En 1953, fue Cortázar quien tradujo a Poe al castellano (y hasta llegó a
creer que Baudelaire era el doble de Poe); el autor de Bestiario (1951) también formuló declaraciones teóricas sobre el
cuento. En fin, mucho podríamos escribir sobre la historia del cuento literario
y su fascinante propuesta estética.
Tres cuentistas
contemporáneas
Jacinta Escudos escribe
novela, crónica, cuento, ensayo y poesía. Ha publicado varios libros de
cuentos: Contra-corriente (1993), Cuentos sucios (1997), Felicidad doméstica y otras cosas
aterradoras (2002), El diablo sabe mi
nombre (2008) y Crónicas para
sentimentales (2010). El deseo, el
cuestionamiento de las costumbres burguesas, la violencia, la repulsión y lo
absurdo se dan la mano para configurar una obra narrativa de gran altura. En sus cuentos, casi siempre las
protagonistas no cesan de interpretar, “siempre el vicio de pensar”, como en
“Dos cavernas unidas, ¿hacen un beso o forman un túnel?” (Cuentos sucios).
Ya el
título de ese cuento nos anuncia a una protagonista que cuestiona, algo que
tiene que ver con qué tan traicioneras pueden llegar a ser las percepciones. Penélope, la protagonista, reflexiona que “no
es el tiempo el que pasa, somos nosotros” durante una mañana del periodo de
posguerra dedicada a “la más refinada pereza”.
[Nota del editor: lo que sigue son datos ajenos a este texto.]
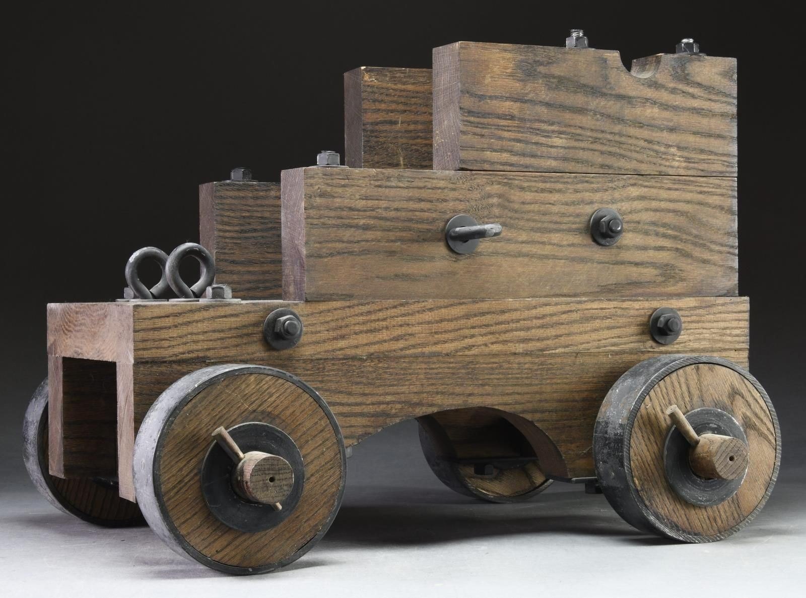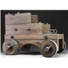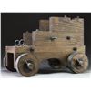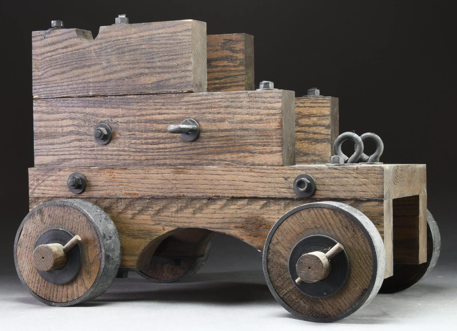 Contemporary cannon carriage that measures 24" in length & 10 1/2" in width. Wooden body & wheels w/ metal tires & mountings. CONDITION: wood shows scattered scratches & dings. Metal parts show scattered oxidation & flaking. PROVENANCE: from the Lifelong Collection of Glen E. Mattox.(02-18965/MJC). $100-200.
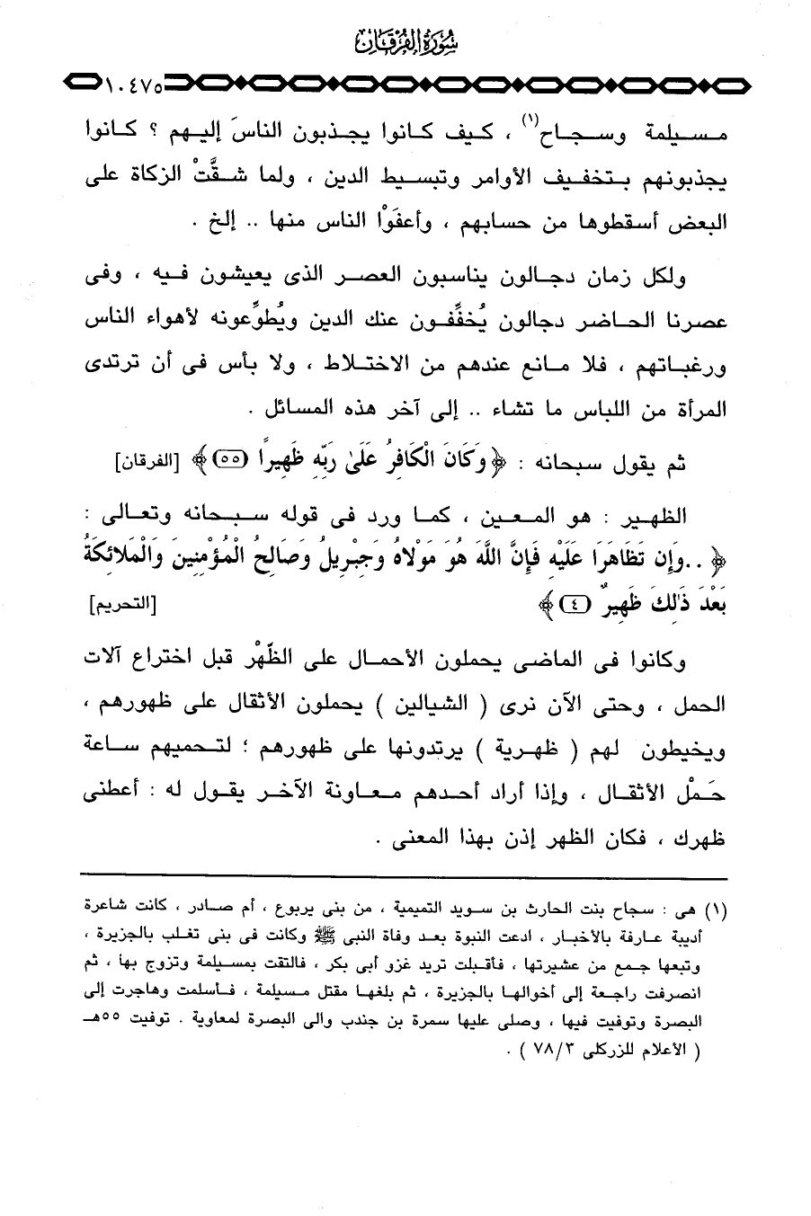 ثم يقول سبحانه: {وَكَانَ الكافر على رَبِّهِ ظَهِيراً} [الفرقان: 55] .
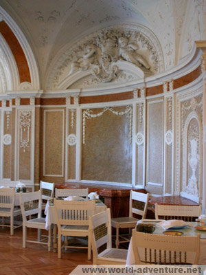 Goście Centrum Terapii Nerwic - poza doskonale wyposażoną bazą terapeutyczną, leczniczą i rehabilitacyjną - korzystają ze stylowo wyposażonych wnętrz: jadalni, kawiarni, galerii, biblioteki i kaplicy zamkowej, która pełni rolę sali koncertowej.
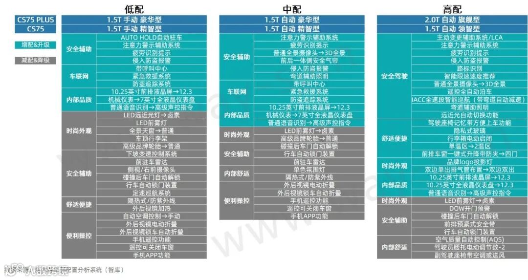 从具体配置梯度看,CS75 PLUS中低配已满足出行需求,高配科技智能亮点突出 。

Al poco tiempo, recibe la visita de su amigo Dante, paranoico,
frenético, quien le comunica que “la policía secreta anda suelta por toda la
ciudad y están desfigurando el rostro de todos los que trabajaron con ellos, a
cuchilladas, para que no sean reconocidos por sus víctimas mientras duren los
procesos contra los criminales de guerra.”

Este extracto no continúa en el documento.